REQUIRED WORK.
The full set of entries is to be printed exactly, with pictures excluded.

Stored items from a collection:
##############################
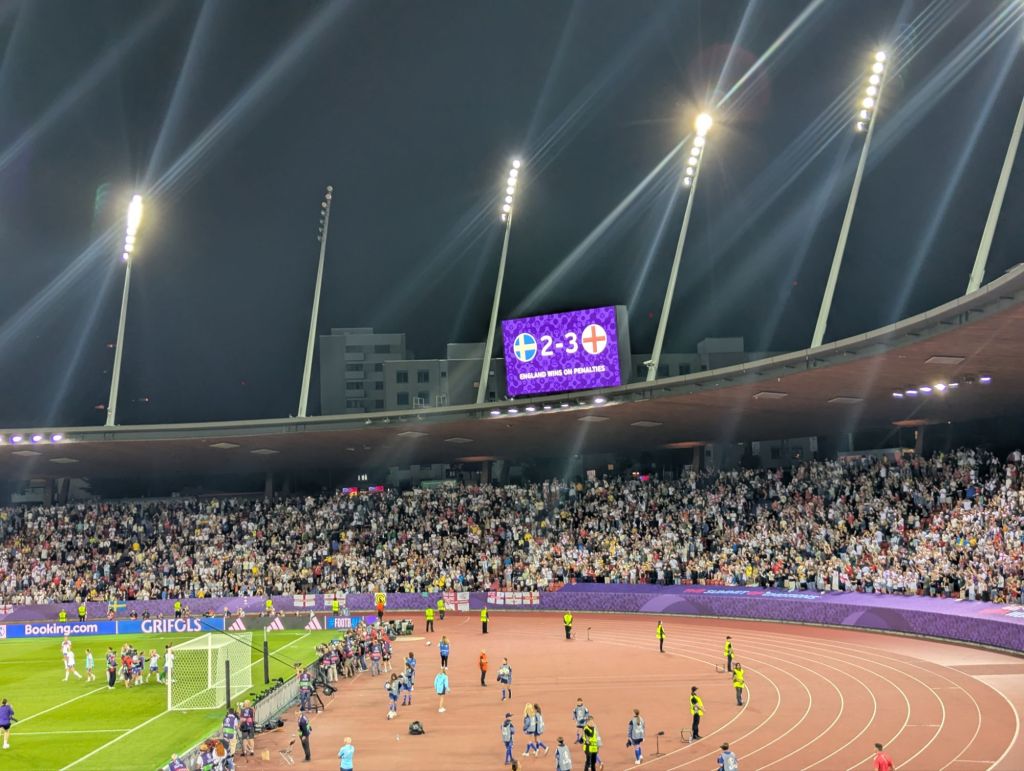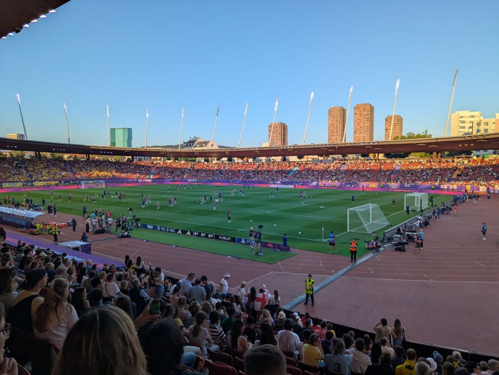 We had tickets to the Quarterfinals and found out several days ago that it would be England and Sweden. Both teams are well regarded in international women’s soccer and we expected a good game. We found our seats in the interesting stadium which had a circular wooden roof over the seats and concourses. The crowds were pretty heavy while we took a lap around to see the food options for dinner and to find some souvenirs. Becky got an interesting combo of a bratwurst and a small crusty bread roll. She tried to make it into bun but it was not ideal. Becky went back to the seats and I went to the Souvenir stand and got a scarf, pin and a Euros mini soccer ball. I grabbed some fries and a drink to take back to the seats and when I got back there were a very nice man and daughter in one of our seats. We quickly resolved that but later when I went to get Becky a water I came back to becky leaving our seat quickly and a bunch of drunk dudes sitting in them. I asked her and she said they had confronted her and 2 women sitting next to us and said we were in the wrong section and started filming the 2 other women during the confrontation. We found an usher and showed them our tickets to verify that we had understood our section correctly (we had) and I immediately went down to put them straight but they had apparently sobered up enough to realize they were wrong and were moving. I let them know it wasn’t appreciated but they were drunk and just laughed it off but at least moved.
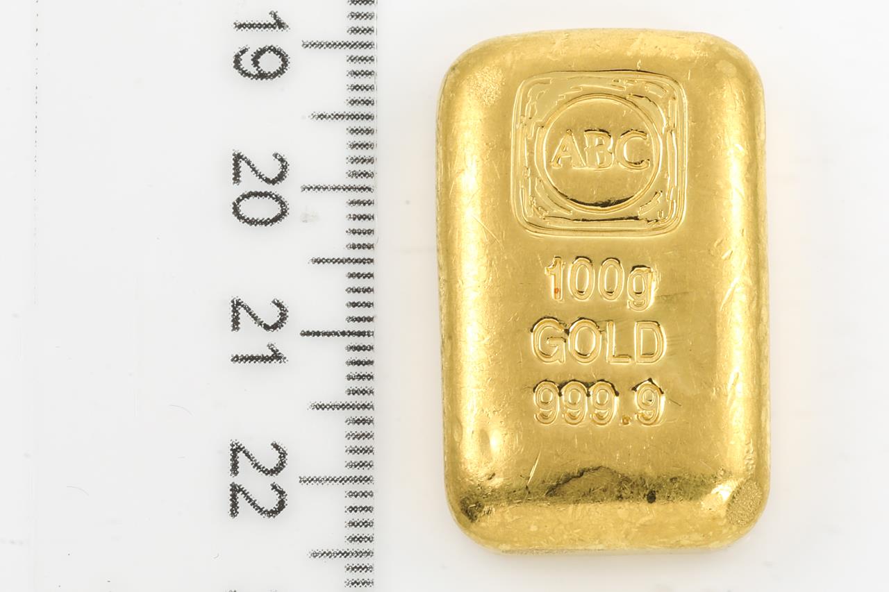 An ABC Bullion Fine Gold Bar. Weight 100g. ***Gold bullion attracts no GST and no Buyers Premium***
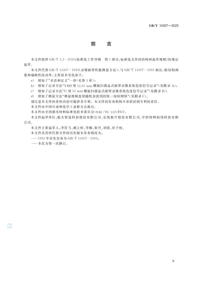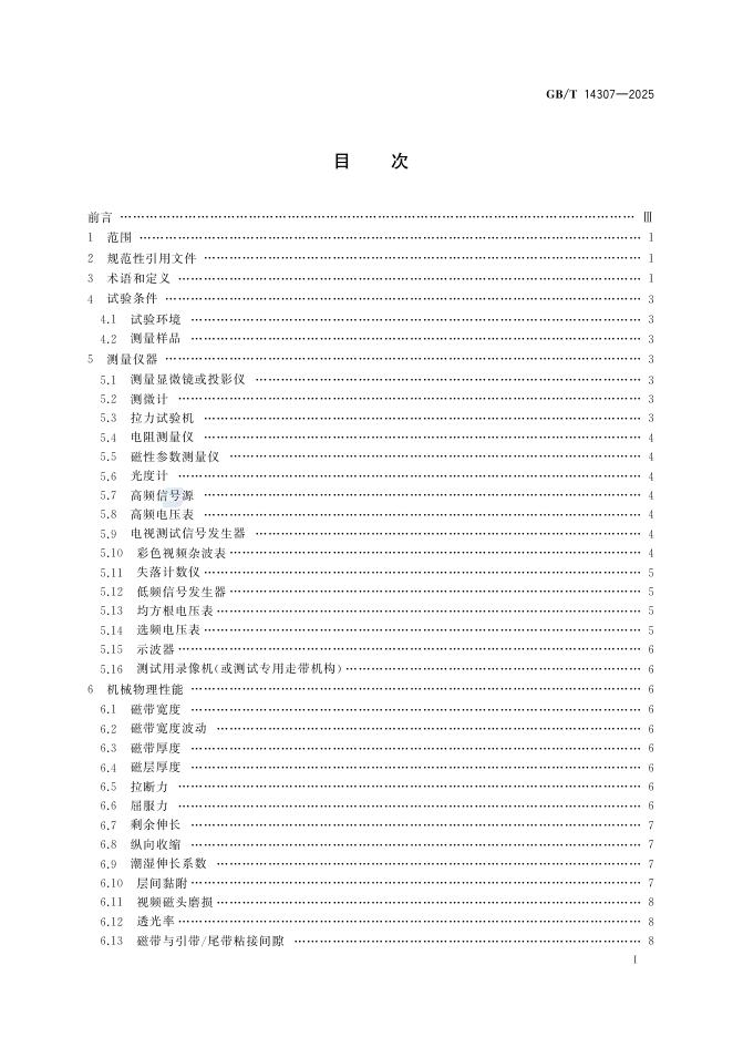 GB/T 14307-2025 非广播录像磁带性能测量方法
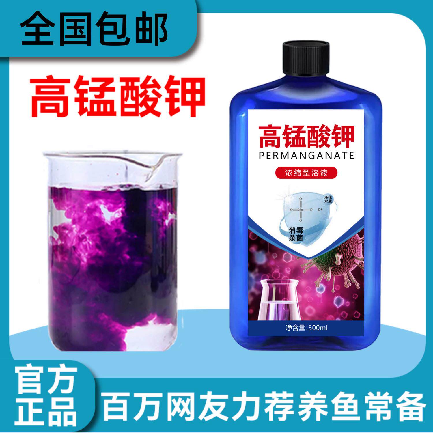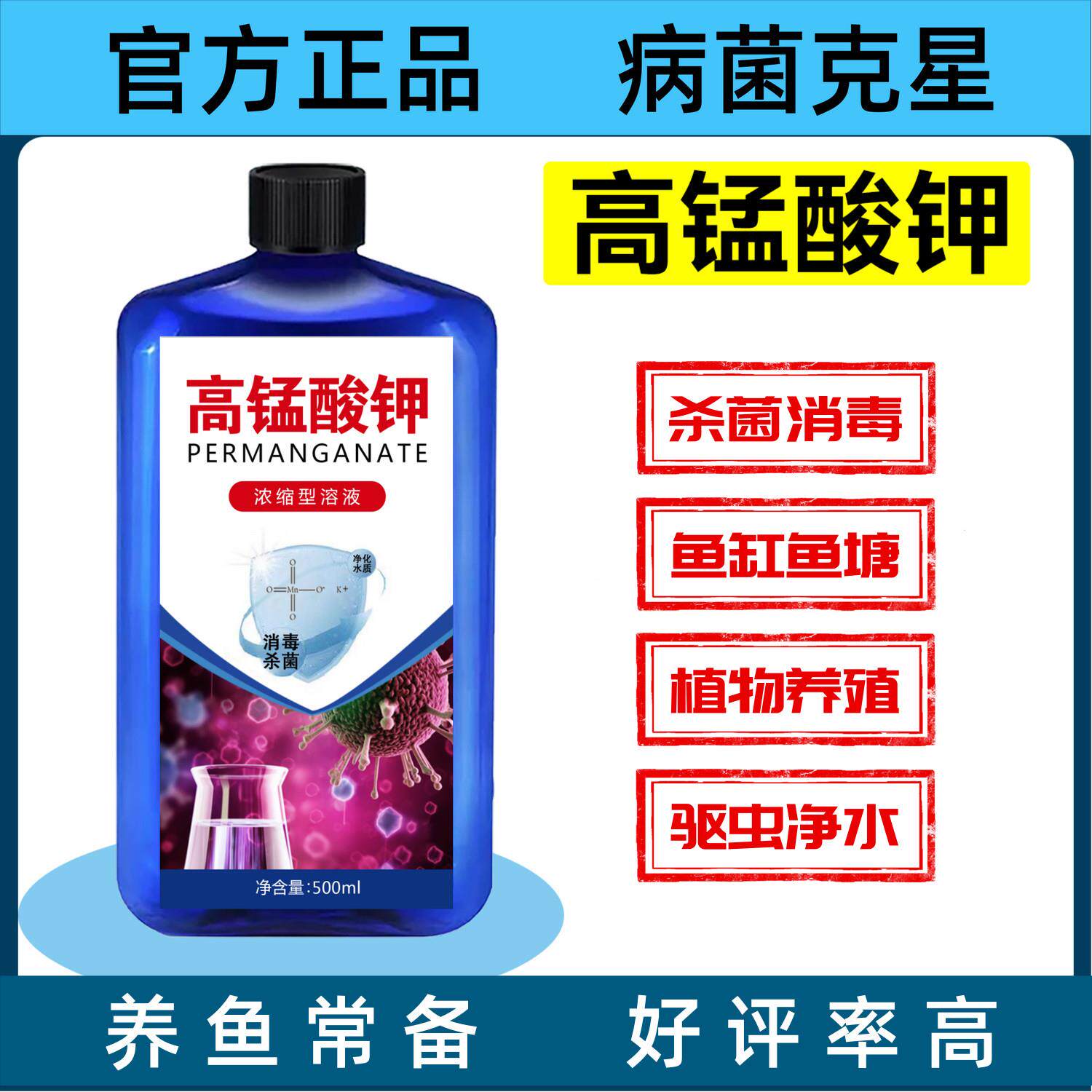 高锰酸钾鱼缸消毒杀菌专用溶液烂身烂尾水霉病观赏鱼消毒杀菌
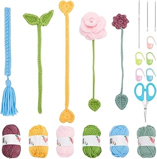 FREEBLOSS 10 Set Crochet Kit - Floral Crochet Bookmark Kit for Beginners with Video Tutorial
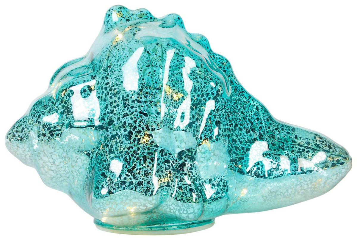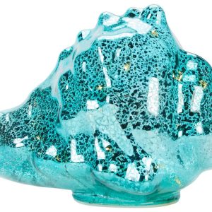 Add ocean-inspired elegance to your space with the 7 in Turquoise Glass Conch Figurine, designed with smooth curves and vibrant color that captures coastal light beautifully. Crafted from glass for a refined decorative accent. Perfect for display on shelves, mantels, or seaside-themed interiors. Measures approximately 7 in x 5 in x 5 in.
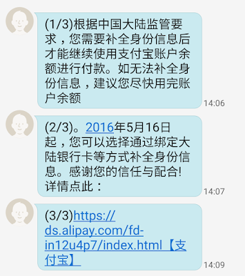 最近,新加坡的支付宝用户们都收到了来自中国支付宝的手机简讯,简讯写道:“根据大陆监管要求,你需要补全身份信息后才能继续使用支付宝账户余额进行付款。如果无法补全身份信息,建议您尽快用完账户余额。2016年5月16日起,您可以选择通过绑定大陆银行卡等方式,补全身份信息。”
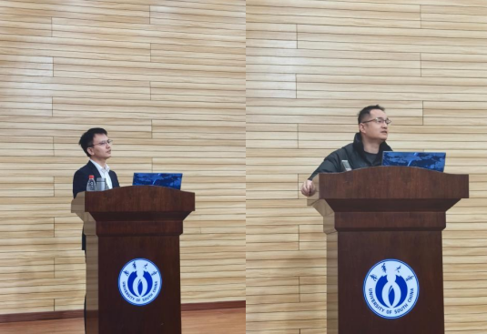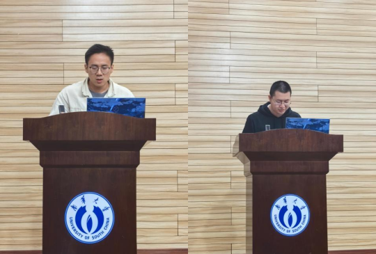 在优秀研究生经验分享环节,杨秋爽同学系统展示了其在“声子晶体拓扑绝缘体与多维彩虹俘获效应”方面的创新成果,并分享了以文献为“灯塔”、目标为导向、恒心为支撑的科研心法,其“勤勉则刚,律己而强”的生活理念展现了科研与健康的平衡智慧。罗杰同学则以“逐梦科研,青春无悔”为主题,展现出优异的学业成绩、多项竞赛荣誉与EI论文、省级项目等科研实力,同时作为学生干部积极投身多项服务工作,诠释了“严谨治学”与“服务奉献”双赢的成长路径。
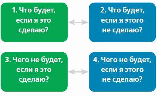 Ответив на эти вопросы, вы рассмотрите ситуацию со всех сторон. Например, вы думаете о смене работы и спрашиваете себя: «Что будет, если вы уйдёте?» Мозг подсказывает ответы: вас могут ждать иные перспективы, рост дохода, новые социальные связи. А что будет, если вы останетесь? И тут есть свои аргументы: стабильность, привычная команда, знакомые задачи, не вызывающие стресса. Чего вы лишитесь, если уйдёте? Комфорта и уверенности в своих умениях и навыках. Чего у вас точно не будет, если вы останетесь? Развития, ощущения движения вперёд, увеличения дохода.
##############################
ANSWER TO THIS EXERCISE.
 We had tickets to the Quarterfinals and found out several days ago that it would be England and Sweden. Both teams are well regarded in international women’s soccer and we expected a good game. We found our seats in the interesting stadium which had a circular wooden roof over the seats and concourses. The crowds were pretty heavy while we took a lap around to see the food options for dinner and to find some souvenirs. Becky got an interesting combo of a bratwurst and a small crusty bread roll. She tried to make it into bun but it was not ideal. Becky went back to the seats and I went to the Souvenir stand and got a scarf, pin and a Euros mini soccer ball. I grabbed some fries and a drink to take back to the seats and when I got back there were a very nice man and daughter in one of our seats. We quickly resolved that but later when I went to get Becky a water I came back to becky leaving our seat quickly and a bunch of drunk dudes sitting in them. I asked her and she said they had confronted her and 2 women sitting next to us and said we were in the wrong section and started filming the 2 other women during the confrontation. We found an usher and showed them our tickets to verify that we had understood our section correctly (we had) and I immediately went down to put them straight but they had apparently sobered up enough to realize they were wrong and were moving. I let them know it wasn’t appreciated but they were drunk and just laughed it off but at least moved.
 An ABC Bullion Fine Gold Bar. Weight 100g. ***Gold bullion attracts no GST and no Buyers Premium***
 GB/T 14307-2025 非广播录像磁带性能测量方法
 高锰酸钾鱼缸消毒杀菌专用溶液烂身烂尾水霉病观赏鱼消毒杀菌
 FREEBLOSS 10 Set Crochet Kit - Floral Crochet Bookmark Kit for Beginners with Video Tutorial
 Add ocean-inspired elegance to your space with the 7 in Turquoise Glass Conch Figurine, designed with smooth curves and vibrant color that captures coastal light beautifully. Crafted from glass for a refined decorative accent. Perfect for display on shelves, mantels, or seaside-themed interiors. Measures approximately 7 in x 5 in x 5 in.
 最近,新加坡的支付宝用户们都收到了来自中国支付宝的手机简讯,简讯写道:“根据大陆监管要求,你需要补全身份信息后才能继续使用支付宝账户余额进行付款。如果无法补全身份信息,建议您尽快用完账户余额。2016年5月16日起,您可以选择通过绑定大陆银行卡等方式,补全身份信息。”
 在优秀研究生经验分享环节,杨秋爽同学系统展示了其在“声子晶体拓扑绝缘体与多维彩虹俘获效应”方面的创新成果,并分享了以文献为“灯塔”、目标为导向、恒心为支撑的科研心法,其“勤勉则刚,律己而强”的生活理念展现了科研与健康的平衡智慧。罗杰同学则以“逐梦科研,青春无悔”为主题,展现出优异的学业成绩、多项竞赛荣誉与EI论文、省级项目等科研实力,同时作为学生干部积极投身多项服务工作,诠释了“严谨治学”与“服务奉献”双赢的成长路径。
 Ответив на эти вопросы, вы рассмотрите ситуацию со всех сторон. Например, вы думаете о смене работы и спрашиваете себя: «Что будет, если вы уйдёте?» Мозг подсказывает ответы: вас могут ждать иные перспективы, рост дохода, новые социальные связи. А что будет, если вы останетесь? И тут есть свои аргументы: стабильность, привычная команда, знакомые задачи, не вызывающие стресса. Чего вы лишитесь, если уйдёте? Комфорта и уверенности в своих умениях и навыках. Чего у вас точно не будет, если вы останетесь? Развития, ощущения движения вперёд, увеличения дохода.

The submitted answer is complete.